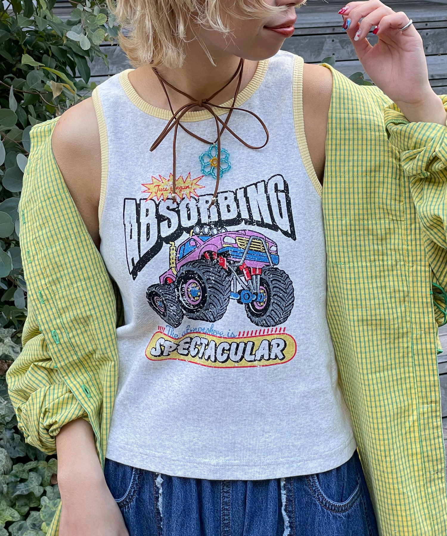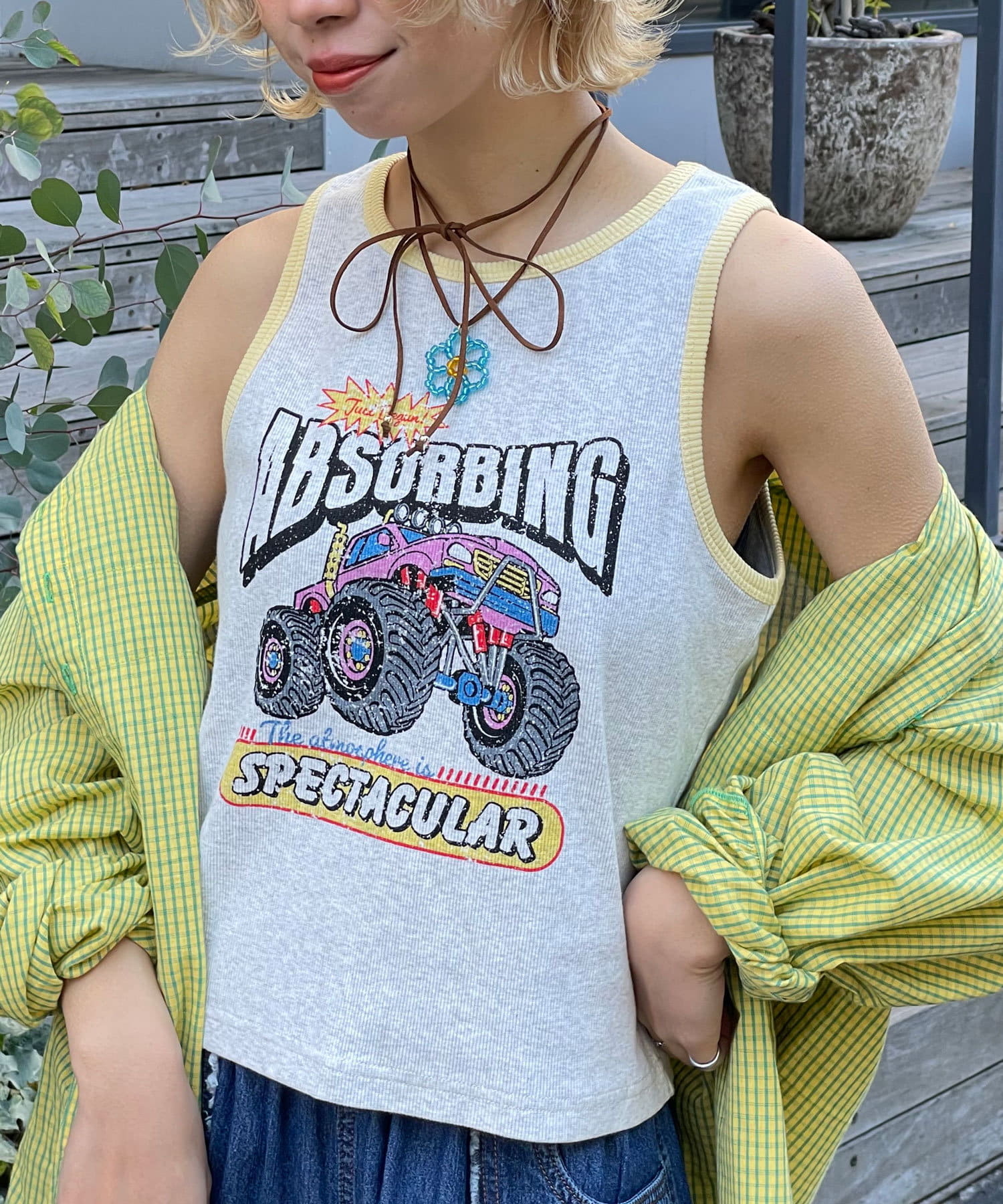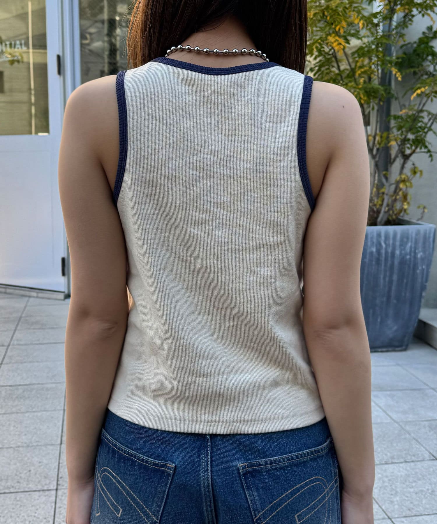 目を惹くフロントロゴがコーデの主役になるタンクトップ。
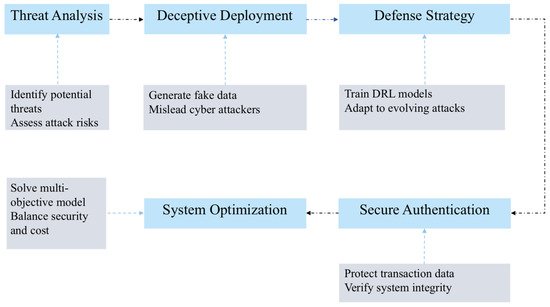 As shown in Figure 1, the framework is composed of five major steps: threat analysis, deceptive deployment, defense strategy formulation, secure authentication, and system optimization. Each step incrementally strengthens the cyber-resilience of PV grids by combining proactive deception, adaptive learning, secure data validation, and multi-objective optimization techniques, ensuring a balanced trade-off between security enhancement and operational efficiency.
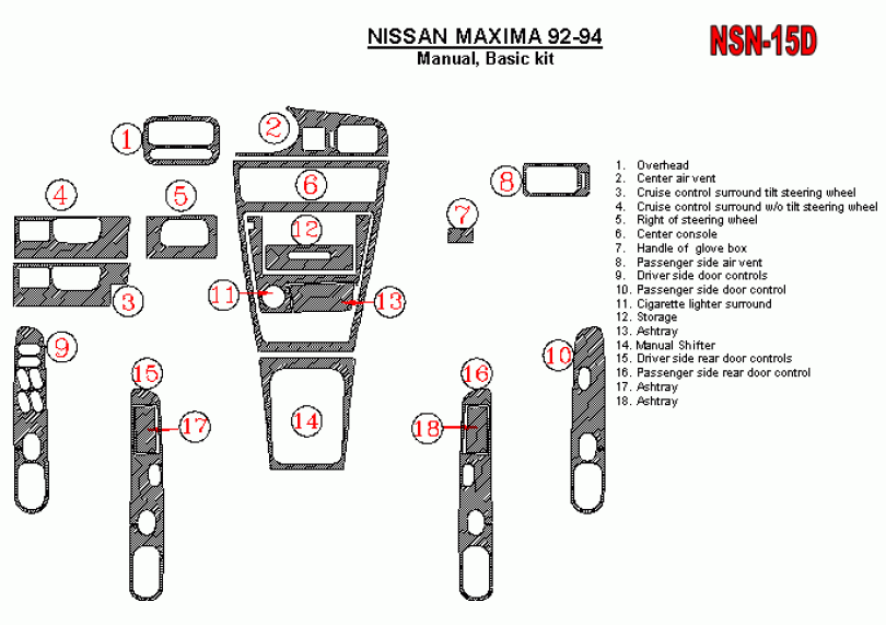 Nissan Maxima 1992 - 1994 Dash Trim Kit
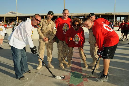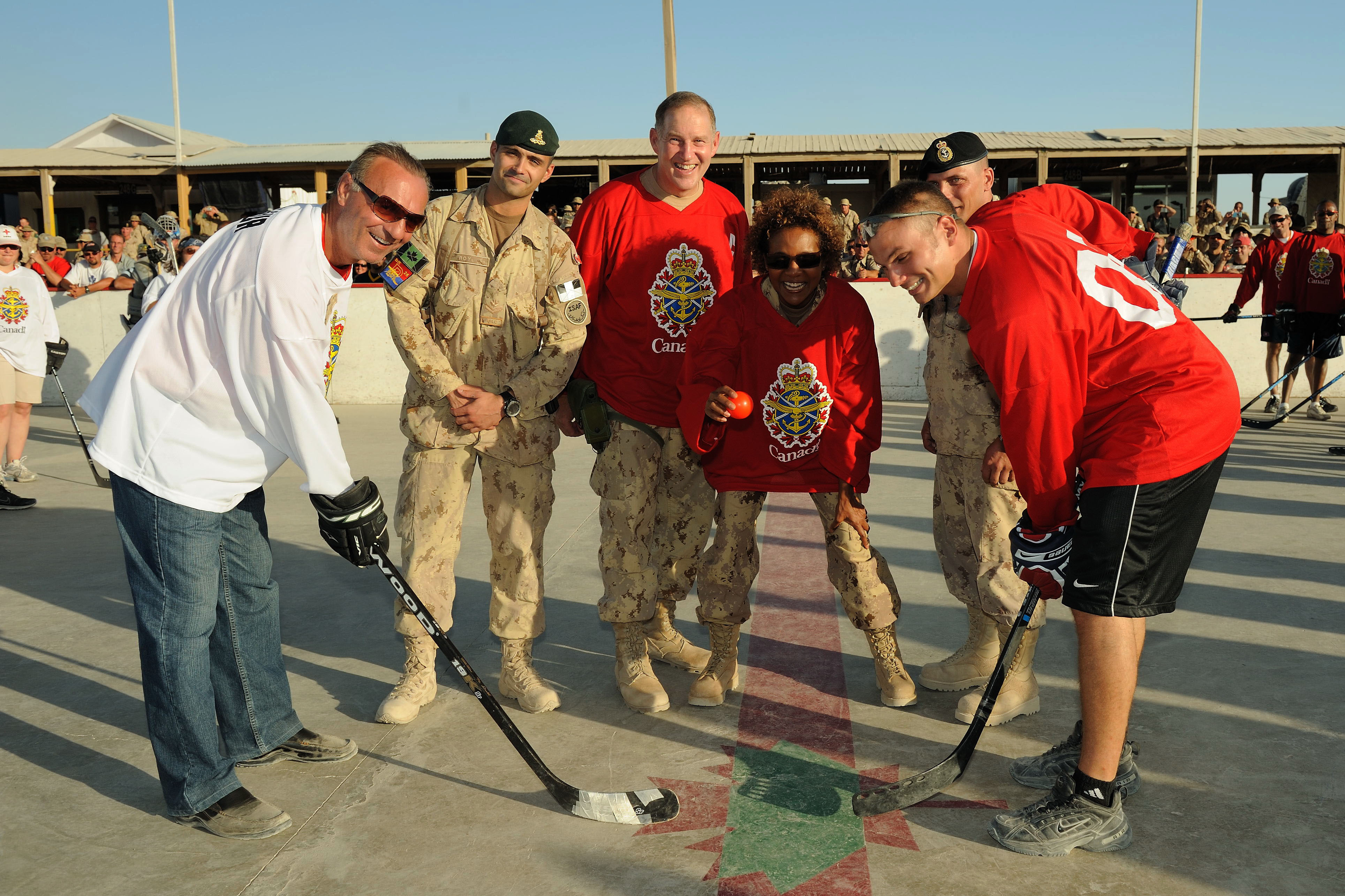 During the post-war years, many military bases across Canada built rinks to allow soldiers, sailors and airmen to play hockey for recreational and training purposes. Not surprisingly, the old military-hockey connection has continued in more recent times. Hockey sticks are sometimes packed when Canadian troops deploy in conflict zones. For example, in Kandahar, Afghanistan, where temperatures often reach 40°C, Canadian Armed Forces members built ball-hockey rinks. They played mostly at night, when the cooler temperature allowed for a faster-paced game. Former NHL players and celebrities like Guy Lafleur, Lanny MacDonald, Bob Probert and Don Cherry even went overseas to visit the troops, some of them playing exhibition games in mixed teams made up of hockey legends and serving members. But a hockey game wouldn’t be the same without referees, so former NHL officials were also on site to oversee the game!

## Exercise goal
Everything from the line with "As shown in" down to the line with "Nissan Maxima 1992 - 1994 Dash Trim Kit" in the data above should be copied exactly, with both end lines kept and the pictures left out.

## Exercise response
 As shown in Figure 1, the framework is composed of five major steps: threat analysis, deceptive deployment, defense strategy formulation, secure authentication, and system optimization. Each step incrementally strengthens the cyber-resilience of PV grids by combining proactive deception, adaptive learning, secure data validation, and multi-objective optimization techniques, ensuring a balanced trade-off between security enhancement and operational efficiency.
 Nissan Maxima 1992 - 1994 Dash Trim Kit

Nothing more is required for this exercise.